Open LLM Leaderboard

HuggingFace’s standardized evaluation for open-source models

Leaderboard v1 (Retired)

Original benchmarks (2023–2024):
- ARC (25-shot, science reasoning)
- HellaSwag (10-shot, commonsense)
- MMLU (5-shot, knowledge)
- TruthfulQA (0-shot, truthfulness)
- Winogrande (5-shot, coreference)
- GSM8K (5-shot, math)

Why it was retired: Benchmarks became saturated. Top models scored >95% on HellaSwag and ARC. Data contamination was rampant — models were trained on benchmark data. The leaderboard no longer discriminated between good and great models.

Leaderboard v2 (Current)

New benchmarks (launched mid-2024):
- MMLU-PRO: 10 choices, reasoning-heavy
- GPQA: PhD-level science, Google-proof
- BBH: 23 hard tasks from BIG-Bench
- MATH Lvl 5: Competition math, hardest level
- MuSR: ~1000-word multi-step reasoning
- IFEval: Instruction-following compliance

Key changes: All benchmarks are harder. Scores dropped significantly (average went from ~70% to ~30%). This restored the leaderboard’s ability to differentiate models. All evaluations run through EleutherAI’s lm-evaluation-harness for reproducibility.

For your fine-tuned model: Run the same benchmarks locally using lm-evaluation-harness. Compare your fine-tuned model against the base model on the v2 suite. If your fine-tuned model drops significantly on general benchmarks, you may have catastrophic forgetting. If it improves on your target task without dropping elsewhere, you have a successful fine-tune.

tune

Custom & Human Evaluation

Building evaluation that matches your actual use case

Custom Evaluation Design

Step 1: Define success criteria. What does “good” mean for your task? Factual accuracy? Correct format? Appropriate tone? Specific domain knowledge?

Step 2: Build a test set. 100–500 examples that represent your real use case. Include edge cases. Never use training data for evaluation. Have domain experts create or validate the test set.

Step 3: Choose metrics. For classification: accuracy, F1, precision/recall. For generation: LLM-as-judge scores, ROUGE/BLEU (if reference answers exist), exact match (for structured output). For preference: win rate vs baseline model.

Step 4: Automate. Run evaluation after every training run. Compare against the base model and your best previous fine-tune. Track metrics over time in WandB.

Human Evaluation

When to use: Final validation before deployment. When automated metrics don’t capture what matters (tone, creativity, safety). When you need stakeholder buy-in.

Design principles:
- Blind comparison (A/B testing, evaluator doesn’t know which model is which)
- Clear rubric (define exactly what “better” means)
- Multiple evaluators (at least 3 per example)
- Inter-annotator agreement (Cohen’s kappa > 0.6 is acceptable)
- Sufficient sample size (100+ comparisons for statistical significance)

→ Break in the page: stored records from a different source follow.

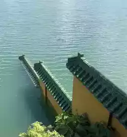 Yellow walls and green tiles complement the lush mountains and clear waters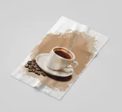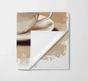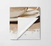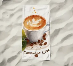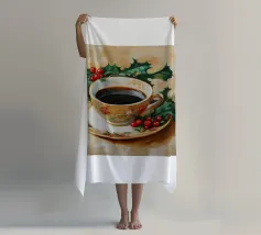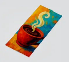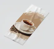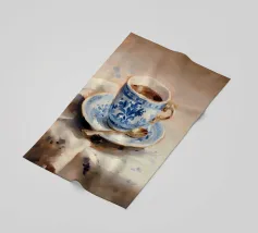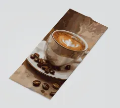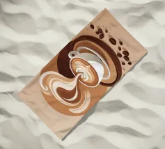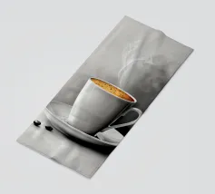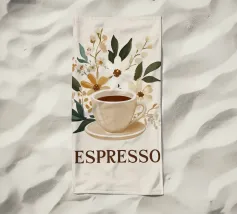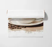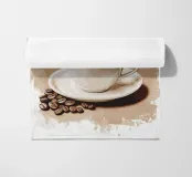 Una tazza di caffè nero su un piattino, circondata da chicchi di caffè sparsi - raffigurata in toni beige morbidi e caldi dal carattere pittoresco. L'immagine emana calma, concentrazione e piacere aromatico. Perfetto per gli amanti del caffè, per l'arredamento dei bar o per gli spazi di lavoro che hanno bisogno di promuovere un ambiente calmo ma elegante.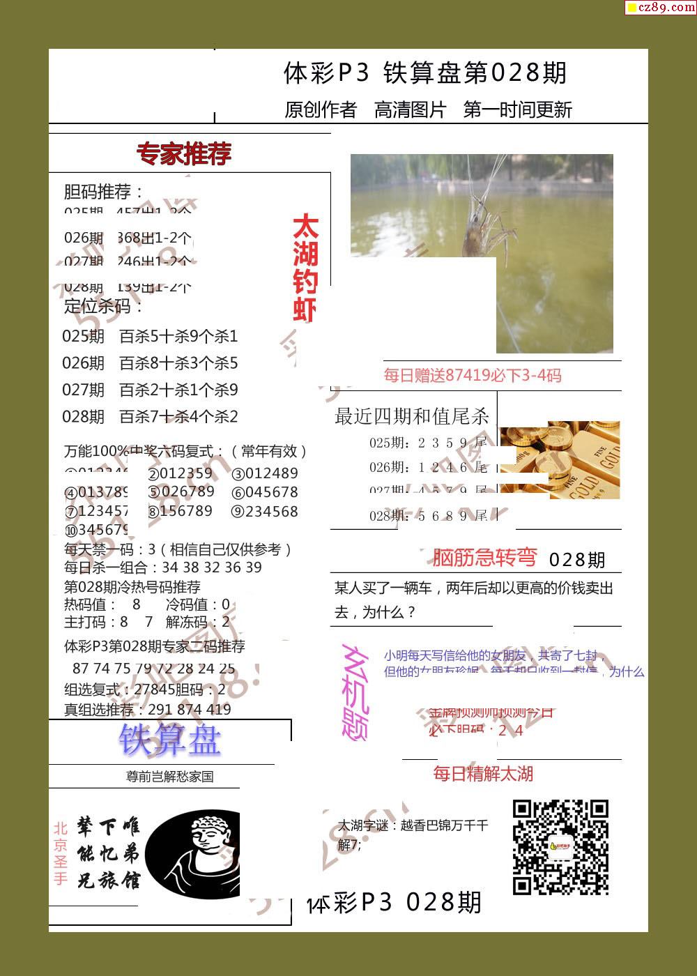 铁算盘028期体彩p3图谜

Cost: $1–5 per comparison. A 200-example evaluation with 3 annotators costs $600–3,000. Use LLM-as-judge for iteration, human evaluation for final decisions.

The complete evaluation recipe: (1) Run lm-evaluation-harness for general benchmarks — check for catastrophic forgetting. (2) Run your custom test set with LLM-as-judge — measure task-specific quality. (3) Do a small human evaluation (50–100 examples) — validate that LLM-judge scores match human preferences. (4) Deploy with monitoring — track real-world performance and user feedback.